Crop nutrients may drop as carbon dioxide rises

Iron, zinc and protein fall 5 to 10 percent at carbon dioxide levels projected for 2050

1:00pm, May 7, 2014

DIETARY DING  Wheat and other crops growing in circles surrounded by vents spewing carbon dioxide (similar to the one shown) suggest that high amounts of the greenhouse gas could lower foods' levels of nutrients required for a healthy diet.

In addition to mucking up the planet’s climate, carbon pollution spewed into the atmosphere by burning fossil fuels may also make food less nutritious.

Experimentally elevated levels of carbon dioxide in the air lowered many plants’ levels of iron, zinc and protein — required nutrients for human health. Researchers found these changes in the edible bits of staple grains and legumes such as wheat, rice and soybeans.
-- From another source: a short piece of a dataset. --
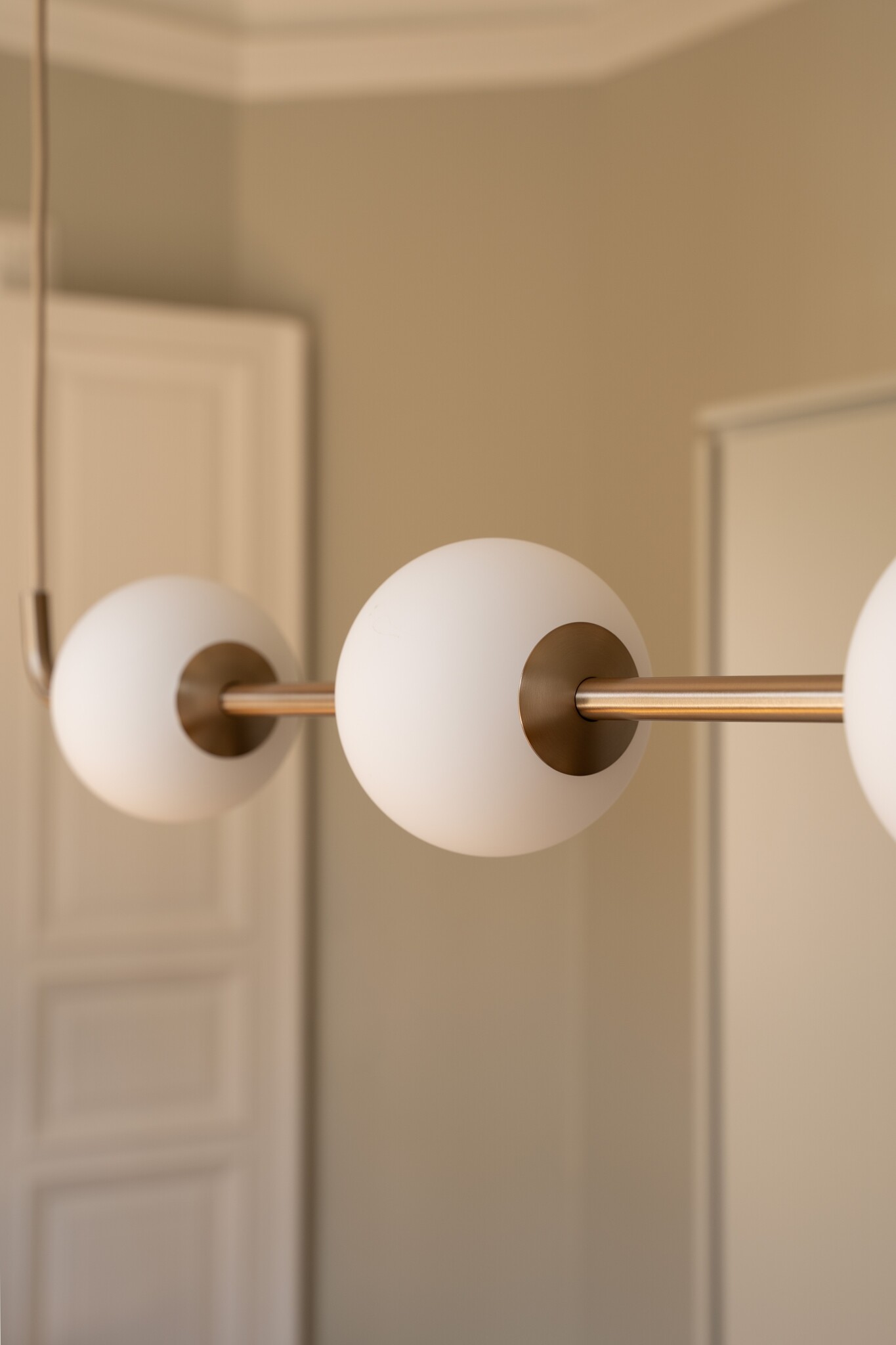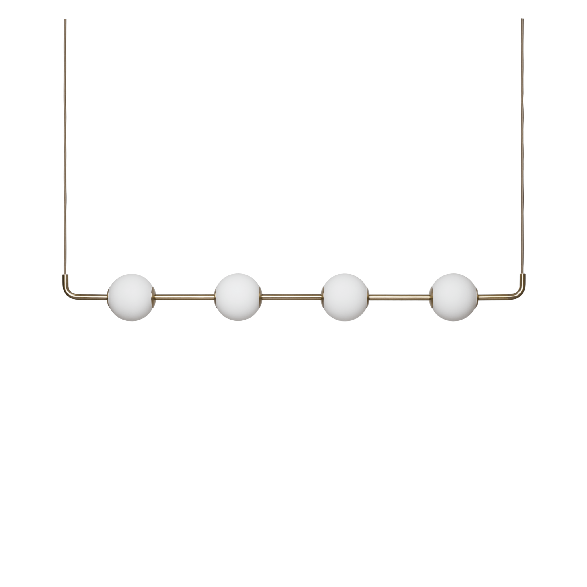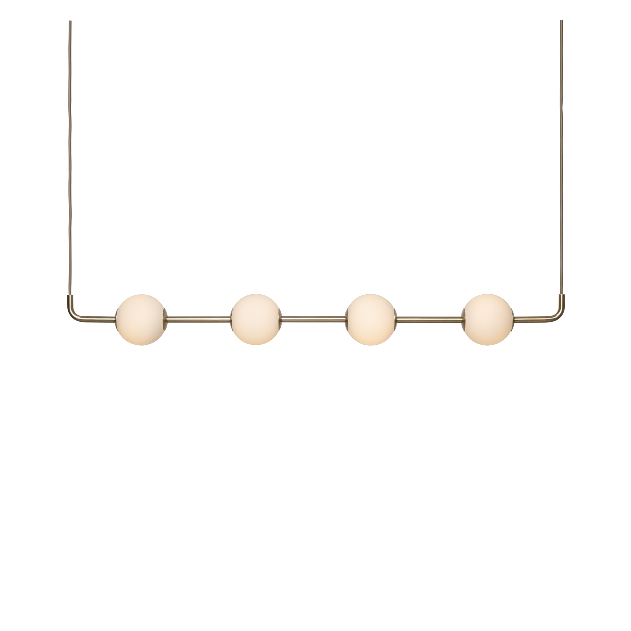 Alsof parels zweven aan een draad: zo presenteert de Audrey Linear hanglamp zich in je interieur. Deze sculpturale pendel van Umage combineert zacht geblazen opaalglas met een verfijnd messing frame tot een opvallend evenwichtige vorm. De vier lichtbollen zorgen voor een warme, zachte gloed. Ideaal boven een eettafel, kookeiland of werkruimte.

Appearing May 7 in Nature, the finding has alarming implications for global health, the authors say. Around 2 billion people already suffer from iron and zinc deficiencies, the authors report, and about the same number get 70 percent of their zinc and iron from these crops.

“That’s a really big deal,” says public health researcher Samuel Myers of Harvard. “If everyone was getting their dietary iron and zinc from fish, this wouldn’t matter much.”